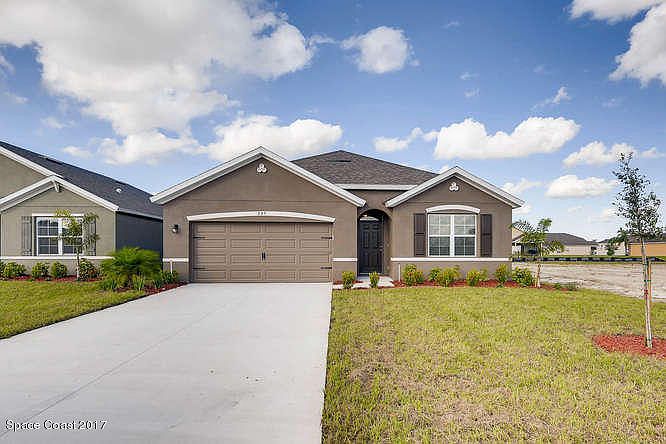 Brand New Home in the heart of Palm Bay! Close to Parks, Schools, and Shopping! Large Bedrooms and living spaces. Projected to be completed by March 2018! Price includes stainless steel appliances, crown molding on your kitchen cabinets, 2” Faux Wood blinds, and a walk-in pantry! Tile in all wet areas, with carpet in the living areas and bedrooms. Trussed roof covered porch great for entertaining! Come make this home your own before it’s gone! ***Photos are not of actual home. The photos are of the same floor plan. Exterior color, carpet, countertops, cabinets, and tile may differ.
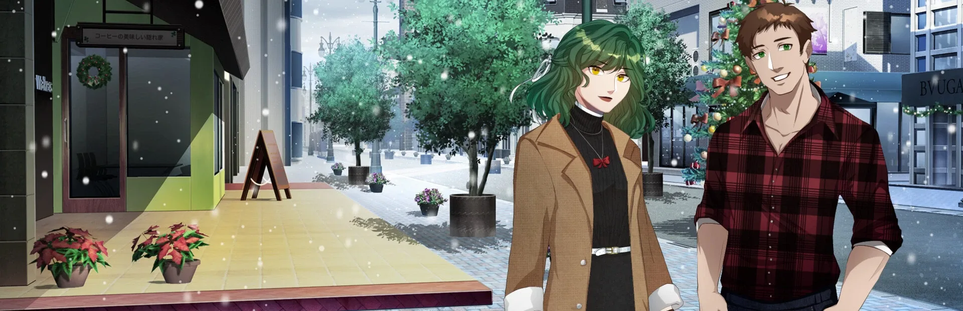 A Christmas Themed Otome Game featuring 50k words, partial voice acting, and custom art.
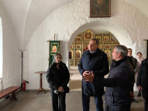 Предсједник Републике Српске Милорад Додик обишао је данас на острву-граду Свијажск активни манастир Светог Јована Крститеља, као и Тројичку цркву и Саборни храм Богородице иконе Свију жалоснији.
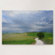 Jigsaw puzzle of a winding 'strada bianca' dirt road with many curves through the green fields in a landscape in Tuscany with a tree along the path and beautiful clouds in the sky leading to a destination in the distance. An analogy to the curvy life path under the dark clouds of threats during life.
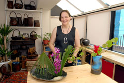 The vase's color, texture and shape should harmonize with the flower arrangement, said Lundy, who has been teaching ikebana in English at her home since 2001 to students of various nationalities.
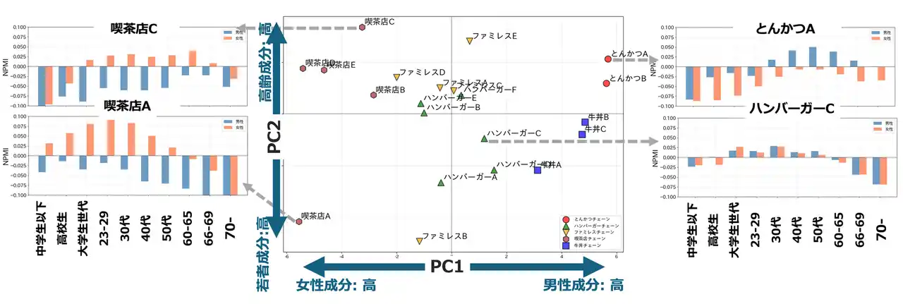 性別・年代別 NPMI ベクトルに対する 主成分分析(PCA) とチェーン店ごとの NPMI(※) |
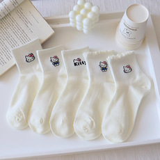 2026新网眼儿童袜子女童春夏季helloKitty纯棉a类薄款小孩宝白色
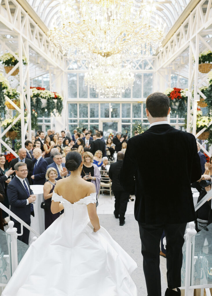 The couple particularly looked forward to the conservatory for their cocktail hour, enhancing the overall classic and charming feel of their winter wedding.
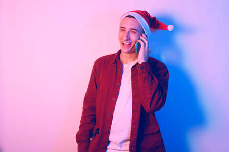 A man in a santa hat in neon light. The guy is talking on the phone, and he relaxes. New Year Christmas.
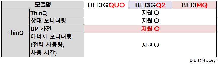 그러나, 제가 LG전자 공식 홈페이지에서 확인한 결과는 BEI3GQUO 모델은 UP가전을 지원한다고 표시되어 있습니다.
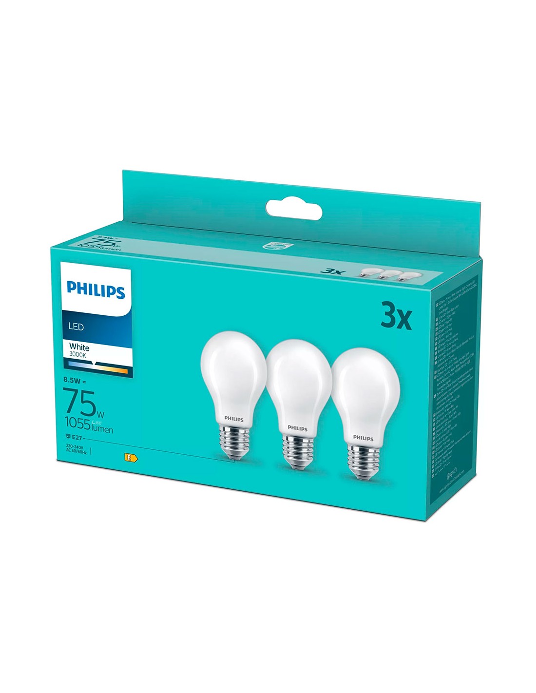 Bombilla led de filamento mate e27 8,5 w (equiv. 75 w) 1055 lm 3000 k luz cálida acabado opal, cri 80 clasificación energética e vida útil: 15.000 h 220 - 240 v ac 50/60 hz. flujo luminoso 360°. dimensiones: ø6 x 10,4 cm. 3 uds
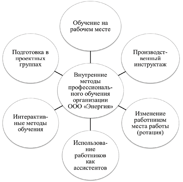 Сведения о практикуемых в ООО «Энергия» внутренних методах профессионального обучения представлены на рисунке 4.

* _Task prompt_: Since the pictures don't belong in the copy, copy only the rest of the entries above exactly.

* _Answer area_:
 Brand New Home in the heart of Palm Bay! Close to Parks, Schools, and Shopping! Large Bedrooms and living spaces. Projected to be completed by March 2018! Price includes stainless steel appliances, crown molding on your kitchen cabinets, 2” Faux Wood blinds, and a walk-in pantry! Tile in all wet areas, with carpet in the living areas and bedrooms. Trussed roof covered porch great for entertaining! Come make this home your own before it’s gone! ***Photos are not of actual home. The photos are of the same floor plan. Exterior color, carpet, countertops, cabinets, and tile may differ.
 A Christmas Themed Otome Game featuring 50k words, partial voice acting, and custom art.
 Предсједник Републике Српске Милорад Додик обишао је данас на острву-граду Свијажск активни манастир Светог Јована Крститеља, као и Тројичку цркву и Саборни храм Богородице иконе Свију жалоснији.
 Jigsaw puzzle of a winding 'strada bianca' dirt road with many curves through the green fields in a landscape in Tuscany with a tree along the path and beautiful clouds in the sky leading to a destination in the distance. An analogy to the curvy life path under the dark clouds of threats during life.
 The vase's color, texture and shape should harmonize with the flower arrangement, said Lundy, who has been teaching ikebana in English at her home since 2001 to students of various nationalities.
 性別・年代別 NPMI ベクトルに対する 主成分分析(PCA) とチェーン店ごとの NPMI(※) |
 2026新网眼儿童袜子女童春夏季helloKitty纯棉a类薄款小孩宝白色
 The couple particularly looked forward to the conservatory for their cocktail hour, enhancing the overall classic and charming feel of their winter wedding.
 A man in a santa hat in neon light. The guy is talking on the phone, and he relaxes. New Year Christmas.
 그러나, 제가 LG전자 공식 홈페이지에서 확인한 결과는 BEI3GQUO 모델은 UP가전을 지원한다고 표시되어 있습니다.
 Bombilla led de filamento mate e27 8,5 w (equiv. 75 w) 1055 lm 3000 k luz cálida acabado opal, cri 80 clasificación energética e vida útil: 15.000 h 220 - 240 v ac 50/60 hz. flujo luminoso 360°. dimensiones: ø6 x 10,4 cm. 3 uds
 Сведения о практикуемых в ООО «Энергия» внутренних методах профессионального обучения представлены на рисунке 4.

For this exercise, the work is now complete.